Ready to take the next step and make a bigger impact than you ever imagined? As part of our team, you will help brighten the future for everyone at Sunrise and beyond. That is why we make it a priority to celebrate the unique ways you bring moments of togetherness and joy to everyone you serve. And when combined with the support, benefits, and growth opportunities we offer, the result is a career that PositivelyShines with everything you need to reach your goals – at work and in your life.

We also offer benefits and other compensation that include:

• Medical, Dental, Vision, Life, and Disability Plans
• Retirement Savings Plans
• Employee Assistant Program / Discount Program
• Paid time off (PTO), sick time, and holiday pay
• myFlexPay offered to get paid within hours of a shift
• Tuition Reimbursement
• In addition to base compensation, Sunrise may offer discretionary and/or non-discretionary bonuses. The eligibility to receive such a bonus will depend on the employee’s position, plan/program offered by Sunrise at the time, and required performance pursuant to the plan/program.
• Some benefits have eligibility requirements

Apply today to learn why Sunrise Senior Living is a certified Great Place to Work®

PRE-EMPLOYMENT REQUIREMENTS

Sunrise considers the health and safety of its residents, family members, and team members among its highest priorities.
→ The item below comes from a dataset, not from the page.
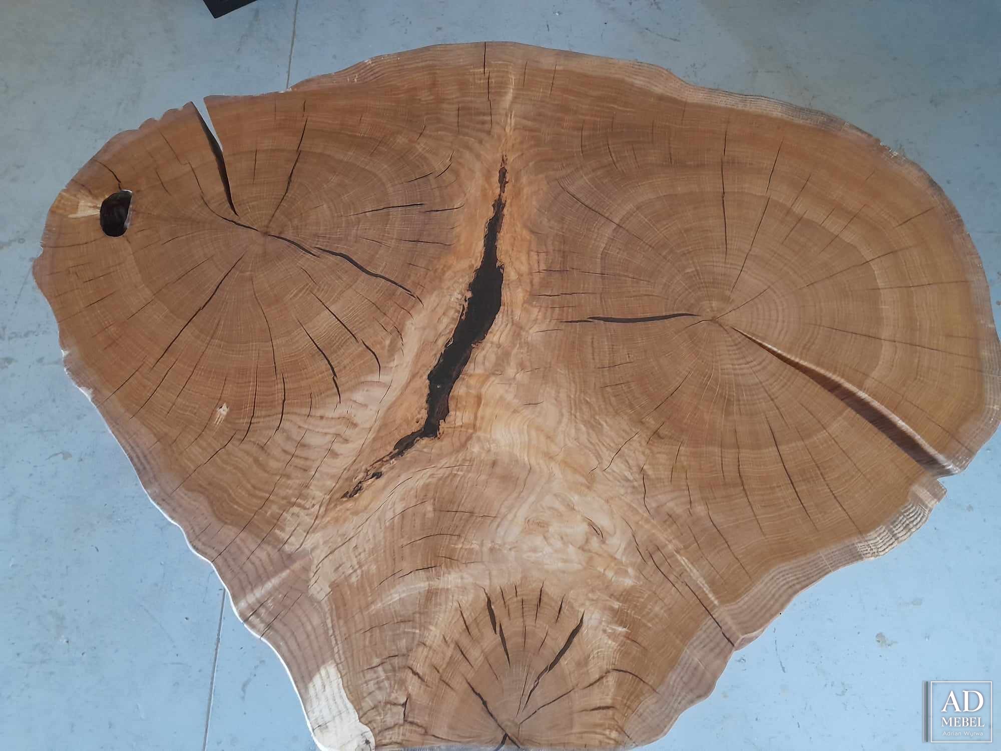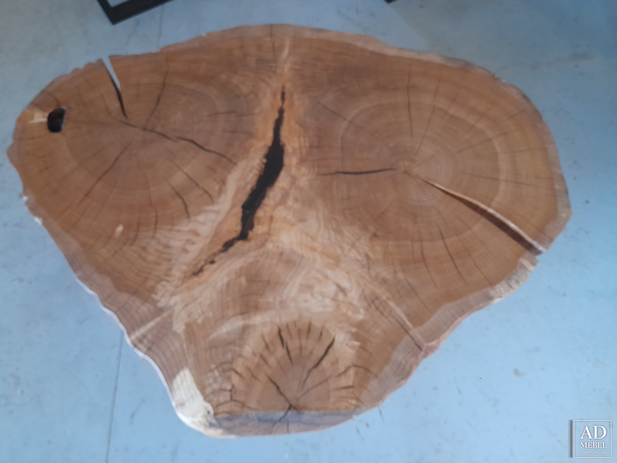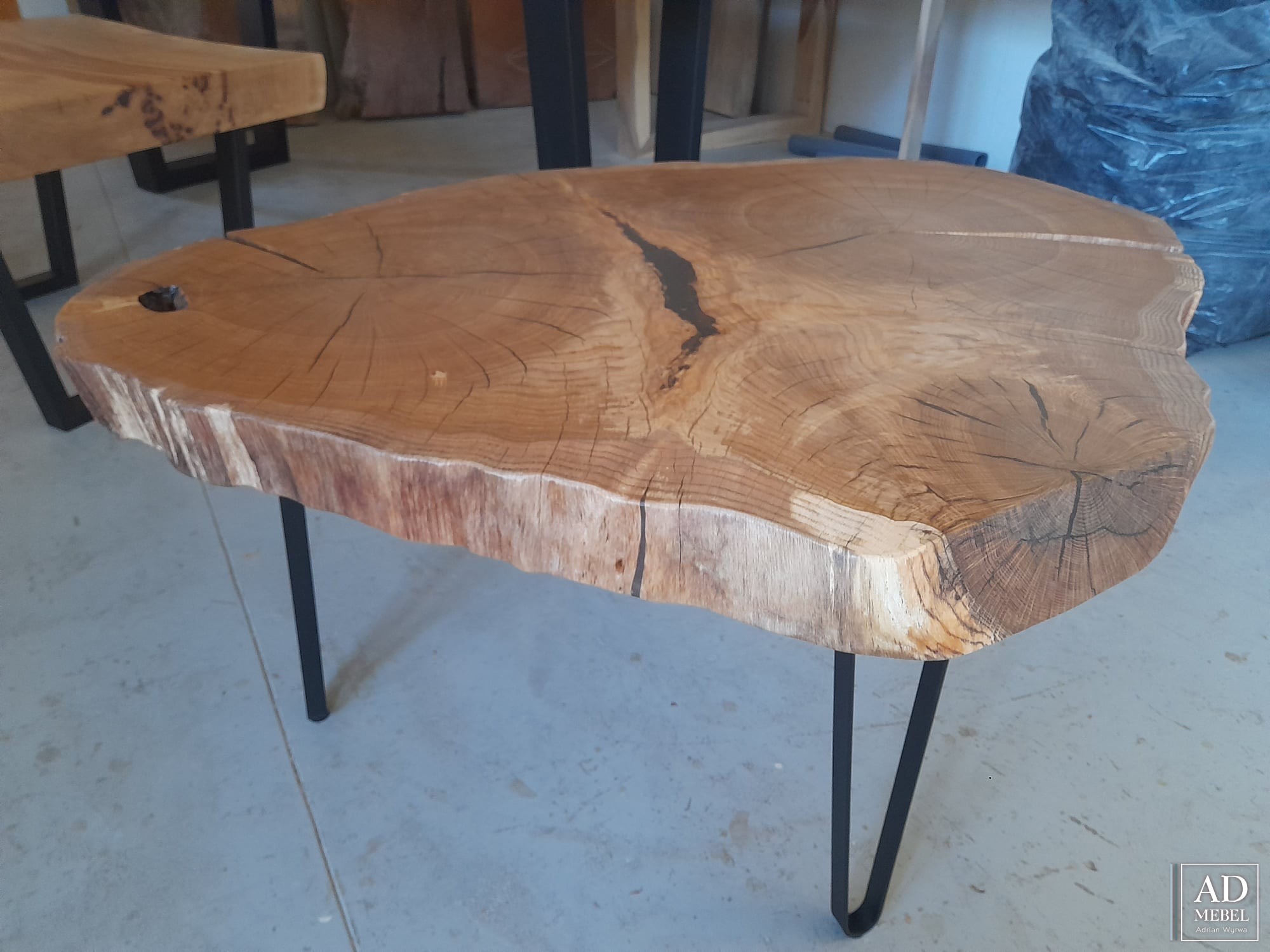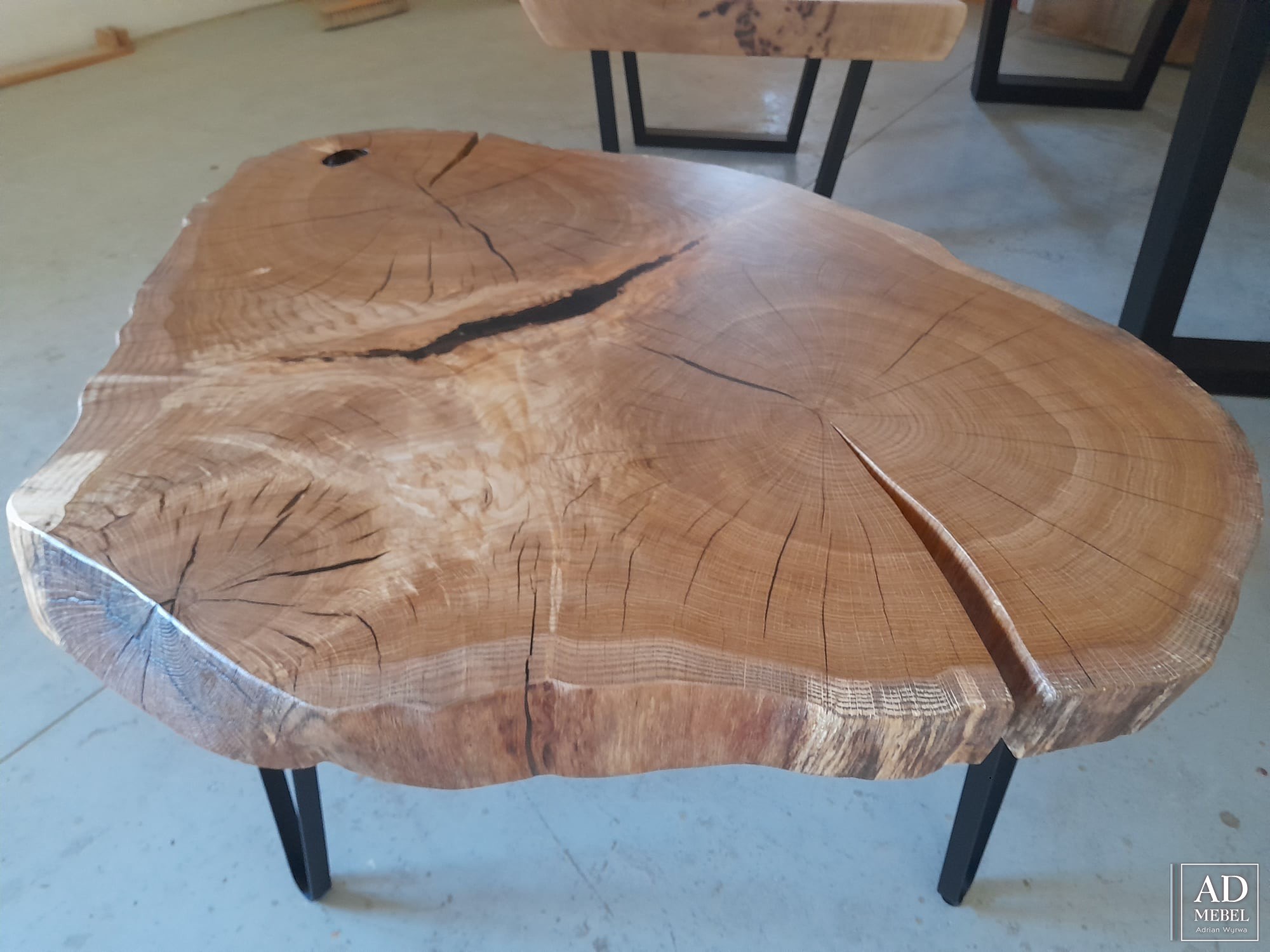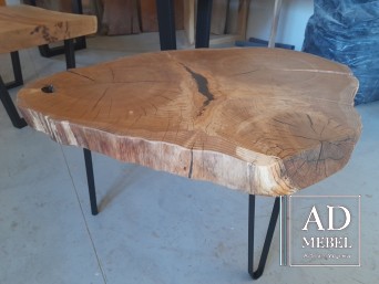 Na sprzedaż dostępny od ręki wyjątkowy stolik z drewna dębowego poprzecznie ciętego. Blat o nietypowym i bardzo wyrazistym usłojeniu został wykończony za pomocą najwyższej jakości izolantów, żywicy epoksydowej oraz olejowosku. Blat stolika o grubości 6,5 cm i średnicy 105x83 umocowany został na stalowych nogach malowanych proszkowo. Zapraszamy do kontaktu i zakupu tego wyjątkowego stolika!
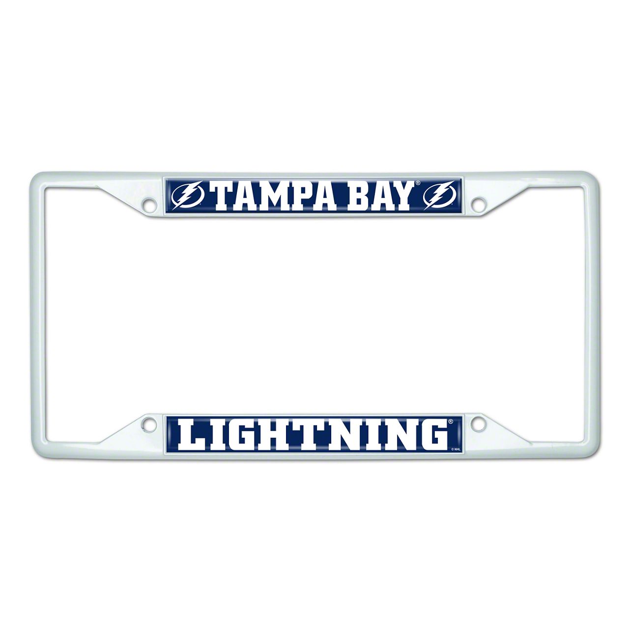 Show off your team pride in style with the White Metal License Plate Frame from FANMATS. This sleek and long-lasting frame is made of weather resistant metal for a durable product finish. The team name is boldly displayed on the top and bottom portion of the frame in a domed, full color sticker. Our frame is 12.25 in x 6.25 in and is designed to fit perfectly around your license platewithout covering your registration sticker (if applicable).

Employment with Sunrise is contingent upon completing and passing a drug test (which does not include marijuana) and Tuberculosis Test, and a physical evaluation and a background check where required. Covid-19 and Influenza vaccination may be required if mandated by applicable federal, state, and local laws and authorities.

COMPENSATION DISCLAIMER

Selected candidates will be offered competitive compensation based on geographic location of community/office, skills, experience, qualifications, and certifications/licenses (where applicable).